Value Inc v. Department of Treasury
331581
| Mich. Ct. App. | Aug 1, 2017Background
- Michigan State Police, on behalf of the Michigan Department of Treasury, seized about $77,000 worth of “other tobacco product” (OTP) from Value, Inc., after finding the OTP lacked required markings.
- The Department's hearings referee and hearings-division administrator concluded the seizure and proposed forfeiture were lawful under the Tobacco Products Tax Act (TPTA).
- Value appealed to circuit court under MCL 205.429(4), arguing it had purchased the OTP lawfully from an out-of-state distributor (Basik), had invoices, and had paid the required taxes.
- The circuit court concluded the presumption in MCL 205.426(6) was overcome by evidence of tax payment and ordered return of the OTP; later it awarded Value half the monetary value (due to alleged spoilage) and denied refund of taxes.
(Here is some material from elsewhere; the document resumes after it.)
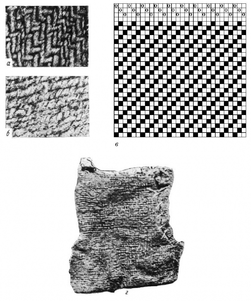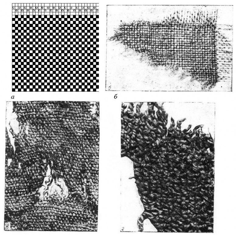 Полотняное переплетение 1/1 (рис. 11, а) — это простейший вид переплетения нитей в ткани. Полотняное переплетение характеризуется наименьшим количеством нитей утка и основы, соединенных в раппорте10. Для изготовления ткани с полотняным переплетением на горизонтальном ткацком станке с подножками достаточно двух ниченок, приводимых в движение подножками, подвешенными на коромыселке или блочках. На вертикальном ткацком станке с гирьками или двумя валиками или же примитивном горизонтальном ткацком станке без подножек достаточно одной петельковой полуниченки и доски, отделяющей четные нити от нечетных. Лишь в том случае, когда ткань полотняного переплетения имеет очень густую основу (например, шерстяная ткань Н-58/2830 с густотой основы 24 нити на 1 см), употребляются четыре ниченки, попарно привязанные к двум подножкам. Все ткани из растительного волокна, найденные в Новгороде, имеют полотняное переплетение.

- On cross-appeal the Department argued seizure and forfeiture were proper; Value challenged the partial-value award and denial of tax refund. The Court of Appeals reversed and remanded for an evidentiary hearing to decide whether Value can rebut the statutory presumption of violation.
Issues
| Issue | Plaintiff's Argument | Defendant's Argument | Held |
|---|---|---|---|
| Was seizure lawful under TPTA (MCL 205.426(6) & MCL 205.429)? | Value: it lawfully acquired OTP and could rely on "other markings" prescribed by Department; labels were removed by supplier. | Treasury: OTP lacked required markings (first-purchaser label or prescribed tax stamp); absence creates presumption of violation authorizing seizure. | Seizure lawful: absent markings, possession triggers statutory presumption of violation, so seizure was permitted. |
| Could Value rebut the statutory presumption and obtain return of OTP? | Value: invoices and tax-payment evidence rebut presumption. | Treasury: without shipping labels, invoices alone cannot prove the seized boxes correspond to taxed shipments; factual dispute exists. | There is a genuine factual dispute; summary disposition was improper. Remand for evidentiary hearing to decide rebuttal (lawful acquisition and tax payment). |
| Was forfeiture automatic after administrative hearing? | Value: administrative decision adverse, but it timely appealed to circuit court, so forfeiture should not have been final. | Treasury: administrative determination supported forfeiture. | Administrative decision does not automatically forfeit property if timely circuit-court appeal is taken; forfeiture requires resolution after procedures. |
| Are monetary recovery and tax refund appropriate (spoilage and taxes paid)? | Value: OTP spoiled in Department's custody, so entitled to monetary value and refund of taxes paid (~$24,000). | Treasury: circuit court lacks jurisdiction to order money beyond return of product; taxes were paid at purchase, not tied to seized inventory for refund. | Court did not decide these merits on appeal; because summary disposition was improper, remand needed. Prior partial-value and tax-refund rulings vacated for further proceedings. |
Key Cases Cited
- Moraccini v. Sterling Heights, 296 Mich. App. 387 (summary disposition standard) (discusses de novo review of summary disposition)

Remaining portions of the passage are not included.